Fig. 1: CNN training to classify control and senescent cells.
figure 1

a Representative images of input images. Input images of control and H2O2-induced senescent cells were cropped from phase-contrast microscopy images at single-cell resolution by the OpenCV-based script. Scale bar, 7.1 µm. Data are representative of over three independent experiments. b Learning curve through the CNN training. Accuracy and loss in the training data and validation accuracy and validation loss in the validation data show the process of training. c Indexes: F1 score, accuracy, precision, and recall in the final setting of training. d AUC of the ROC curve in the final setting of training. e Protocol for the evaluation of CNN generalisability. Each CNN was trained by either the images of H2O2-induced senescent cells, the images of CPT-induced senescent cells, or the mixed images of H2O2- and CPT-induced senescent cells. Newly acquired data were used as test data. In the test data, cellular senescence was induced by H2O2, CPT, or replication. Test data were evaluated by three pre-trained CNNs. f A heatmap shows the accuracy of CNN prediction in each test dataset. Three independent experiments and evaluations were conducted for each senescence induction method. g Macro-averaged accuracy for each evaluation (n = 3 independent experiments). h AUC of the receiver operating characteristic (ROC) curve in the test data evaluated by CNNs, which were pre-trained by the data from H2O2-, CPT-, or replication-induced senescent cells. Data are representative of three independent experiments. i Grad-CAM shows an important region for the prediction of healthy or senescent cells. Data are representative of three independent experiments. CNN convolutional neural network, CPT camptothecin, Rep replication.

CNN generalisability

Generalisability is important in machine learning and requires external validation of the analysis. To confirm whether CNN could identify senescent cells in the datasets of different senescence induction methods, we acquired new datasets not used for the CNN training. We prepared datasets for the three induction methods, and each induction was independently performed three times. These images were evaluated by three different CNNs, which had been previously trained by H2O2-induced senescence, CPT-induced senescence, and mixed H2O2- and CPT-induced senescence (Fig. 1e). The averaged classification accuracy was over 0.9, and the F1 score was also greater than 0.85 in every dataset (Fig. 1f, g and Supplementary Fig. 4a, b). Importantly, the CNN trained by H2O2-induced senescence recognised senescence not only in newly acquired H2O2-induced senescence datasets but also in CPT- and replication-induced senescence. Similarly, the CNN trained by CPT-induced senescence and CPT- and H2O2-induced senescence showed high performance in classifying senescence from controls under every condition (Fig. 1f, g and Supplementary Fig. 4a–f). AUCs were greater than 0.95 under every condition (Fig. 1h and Supplementary Fig. 4g, h), which supports a successful identification system for senescent cells.

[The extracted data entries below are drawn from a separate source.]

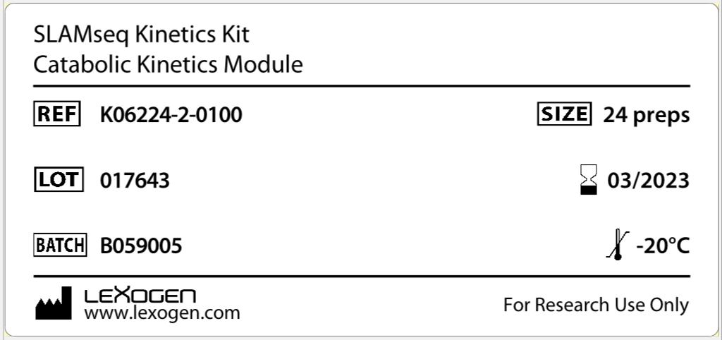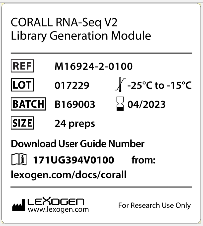 A new Lexogen Product Label with User Guide Number and Link.
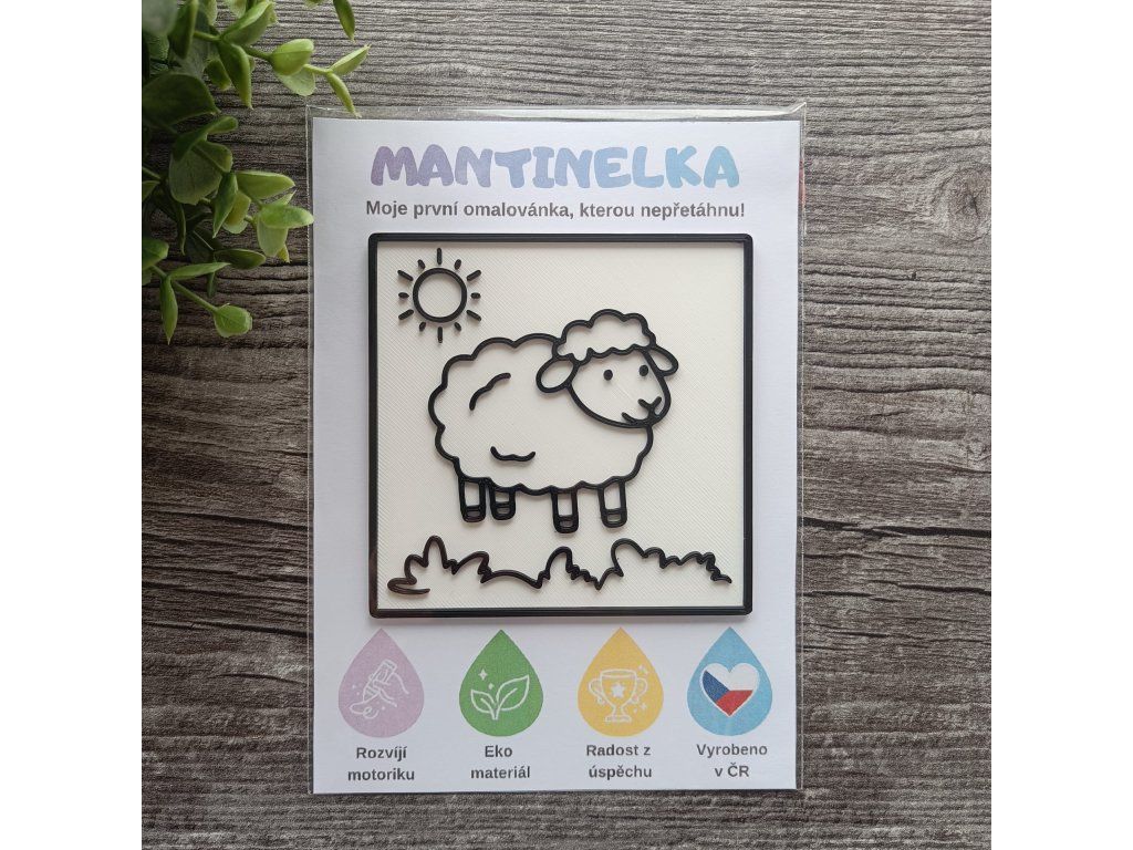 Mantinelka s motivem ovečky je ideální pro každého malého umělce. Díky vystouplým 3D konturám, které fyzicky brání přetahování, se děti mohou plně soustředit na radost z malování. Procvičuje trpělivost, jemnou motoriku a grafomotorické dovednosti.
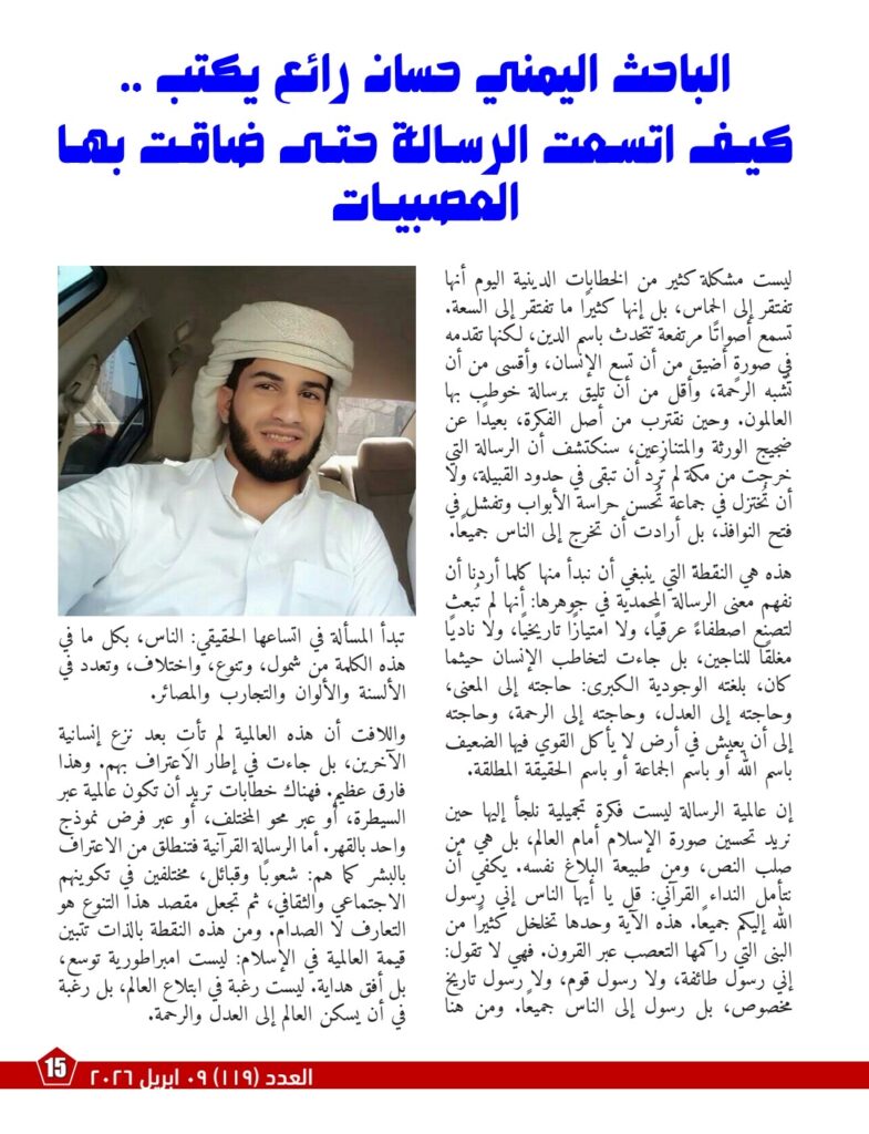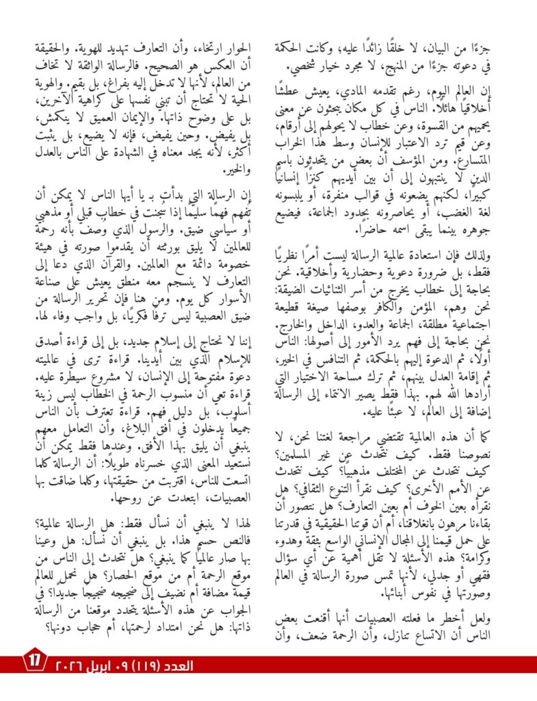 وفي مقال «كيف اتسعت الرسالة حتى ضاقت بها العصبيات» برز التركيز على عالمية الرسالة الإسلامية، وعلى الفارق بين خطاب قرآني مفتوح على الناس جميعًا، وبين قراءات ضيقة حوّلت هذا الاتساع إلى أسوار من العصبية والانغلاق، مؤكدًا أن جوهر الرسالة أفق هداية ورحمة لا مشروع هيمنة أو إقصاء.

Moreover, we examined whether the CNN can be applied to datasets obtained at another institution, Kyoto University. HUVECs were cultured and phase-contrast images were acquired at Kyoto University. The CNN was successfully trained on both the Keio (our institution) and Kyoto datasets with high performance (Supplementary Fig. 5a, b). We tested the performance of the CNN on Kyoto datasets, which were not used for training, and found that the CNN trained on the datasets from both institutes have a higher performance (Supplementary Fig. 5c). Importantly, the CNN also has a high performance with the Keio datasets, which suggests that the CNN trained on datasets from both institutes has higher generalisability. We also examined whether the CNN could classify senescence in other cell types. We used human diploid fibroblasts (HDFs), induced cellular senescence by H2O2 or CPT, cropped input datasets at single-cell resolution levels, and trained the CNN to classify them (Supplementary Fig. 5d). The CNN was successfully trained (Supplementary Fig. 5e), and had a high performance in the test datasets (Supplementary Fig. 5f). Interestingly, the CNN trained on HUVEC-datasets was also able to classify healthy and senescent HDFs (Supplementary Fig. 5g). These results suggest that cellular senescence shows a unique morphologic characteristic, and a morphology-based CNN system can reliably identify senescent cells.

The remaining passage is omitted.